全盲の子猫を保護、ハンデキャップもなんのその 善意のリレーでつながった小さな黒猫の命

 知り合いのボランティアから相談を受け、メイという名前のメス猫を保護することになった。その小さな黒猫は小学生に助けられたが、全盲というハンデキャップを持っていた。しかし、不安の中で譲渡会に参加すると、この子目当ての家族が現れるというドラマが待っていたのだった。

 2019年6月、ボランティア仲間のAさんから連絡が入った。彼には生後間もない子猫や未熟児の子猫を保護した際などに、お世話になっている。

 話を聞くと、新入りで盲目の子猫が入ってきたといい、他の保護猫たちが元気に遊んでいるのに、新入りの子猫は怖がっているという。また目が見えないというハンデキャップを持っている猫の里親を探すことが困難であるため、相談に来たのだ。その時は当団体の保護施設に空きがあったため、いつもお世話になっているAさんの申し出を快く受け入れた。

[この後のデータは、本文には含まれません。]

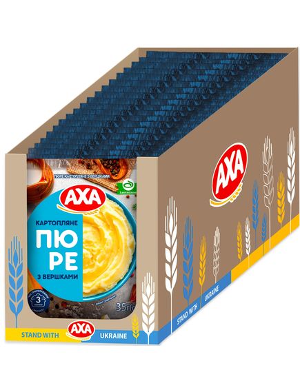 Склад: пластівці картопляні 66,5% (картопля сушена 99,4%, емульгатор моно – та дигліцеридів жирних кислот, стабілізатор пірофосфат натрієвої кислоти, антиоксидант аскорбілпальмітат, регулятор кислотності лимонна кислота, консервант метабісульфіт натрію), замінник вершків на рослинній основі (сироп глюкозний, гідрогенізована рослинна олія (соняшникова, пальмова), казеїнат натрію, стабілізатори: фосфат калію, поліфосфат, емульгатор моно та дигліцерідів жирних кислот, антиспікаючий агент Е 554), мальтодекстрин, суміш смако-ароматична вершки 4,0% (сіль кухонна, цукор, мальтодекстрин, підсилювачі смаку та аромату: глутамат натрію, інозинат натрію, гуанілат натрію, ароматичні компоненти, натуральні ароматичні речовини, регулятор кислотності молочна кислота, антиспікаючий агент діоксид кремнію), сіль кухонна, вершки сухі 1,0%, кріп сушений 1,0%, часник сушений 1,0%, перець чорний мелений. Може містити залишки злаків, що містять глютен, арахісу, горіхів, сої.

 そもそも盲目の子猫が保護されるきっかけは、ある小学生の行動から始まった。ある日、その小学生は道端でカラスに襲われている子猫を発見。偶然遭遇したできごとに驚いていると、その姿を通りがかりの女性Bさんが気づき、カラスに襲われている小さな黒猫を保護した。

 幸い、命に別状はなかったが、その後の検査で全盲だということが分かった。子猫は生後2カ月程のメス猫だった。Bさんは子猫にメイと名付けた。メイは目が見えないが、しっかりとご飯を食べ、遊んだり、トイレを使ったりと普通の猫と変わらず健康状態は良好だった。やがてBさんは保護活動をしているAさんにメイのことを相談し、保護猫として受け入れられたのだった。

 Aさんから当団体にメイの相談があった数日後、メイは当施設にやってきた。元気そうだったのは何より。メイには他の保護猫と同じ、3段のケージで過ごしてもらうことにした。

 早速、準備した3段ケージにメイを移すと、活発に動きだした。ケージの中では、1段目から3段目まで自力でよじ登り、自ら下に降りてくる。目が見えないと聞いていたが、信じられないほど生き生きと動き回っている姿に驚いた。

 まずはケージでの生活に慣れてもらい、その後は他の保護猫達と同じ様に日中はケージから解放して部屋を自由に行き来できるようにした。ケージから出して遊ばせていると、進行方向に障害物があってもメイはそれを何かで察知し、スッとよけて歩くのだ。学習能力も高いようで一度歩いた場所を覚えており、来た道を間違えずに戻ることができる。思っていたより動きがスムーズに感じた。

 目が見えないため急に触ると驚いてしまうが、触る前に手を嗅いでもらってコミュニケーションを図ると、認識してくれる賢い子だ。シェルターにはメイと同じ月齢くらいの子猫がたくさんおり、メイはすぐに仲良くなって友達もたくさんできた。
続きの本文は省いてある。